■ Exercise directions: Leaving the pictures aside, return all of the data below exactly.

*** Opening Exercise data ***

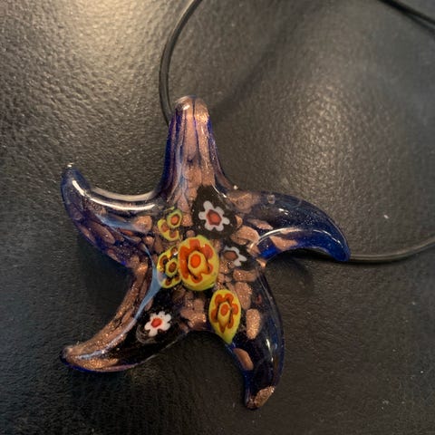 Fantastisk søt! Nesten ny. Stjerne er murano-glass + sølv, skjede er sølv med mester stempler. Nesten ny!
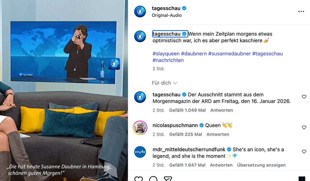 Charmantes Missgeschick beim ARD-"Morgenmagazin": Als sie zur Tagesschau in Hamburg schalten wollten, war Susanne Daubner noch nicht bereit – und das sah man ihr an. Witzige Panne am Freitagmorgen! "Tagesschau"-Moderatorin...weiterlesen »
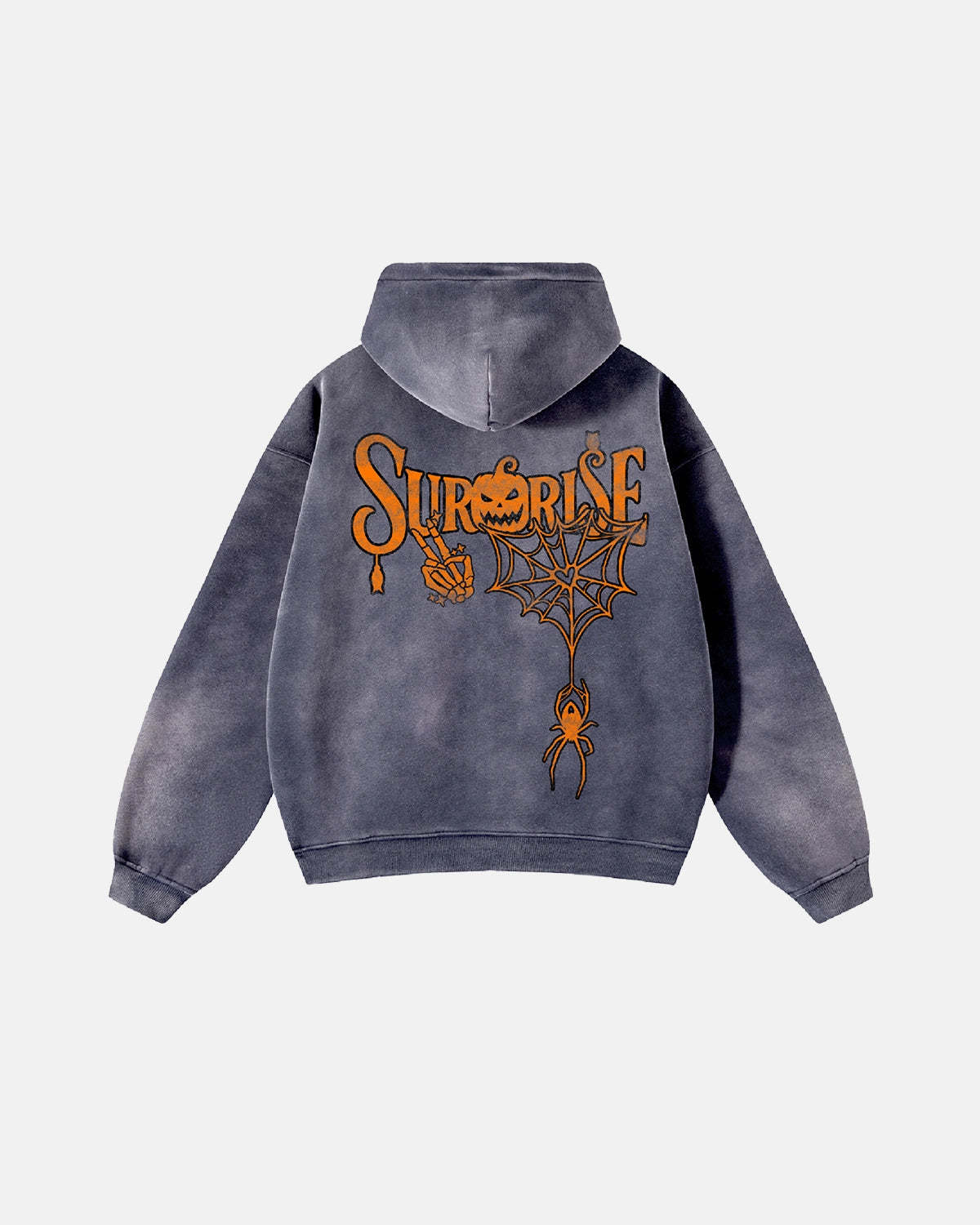 Pumpkin Graphic Stone Wash Zip Up Hoodies

*** Closing Exercise data ***

■ Task solution:
 Fantastisk søt! Nesten ny. Stjerne er murano-glass + sølv, skjede er sølv med mester stempler. Nesten ny!
 Charmantes Missgeschick beim ARD-"Morgenmagazin": Als sie zur Tagesschau in Hamburg schalten wollten, war Susanne Daubner noch nicht bereit – und das sah man ihr an. Witzige Panne am Freitagmorgen! "Tagesschau"-Moderatorin...weiterlesen »
 Pumpkin Graphic Stone Wash Zip Up Hoodies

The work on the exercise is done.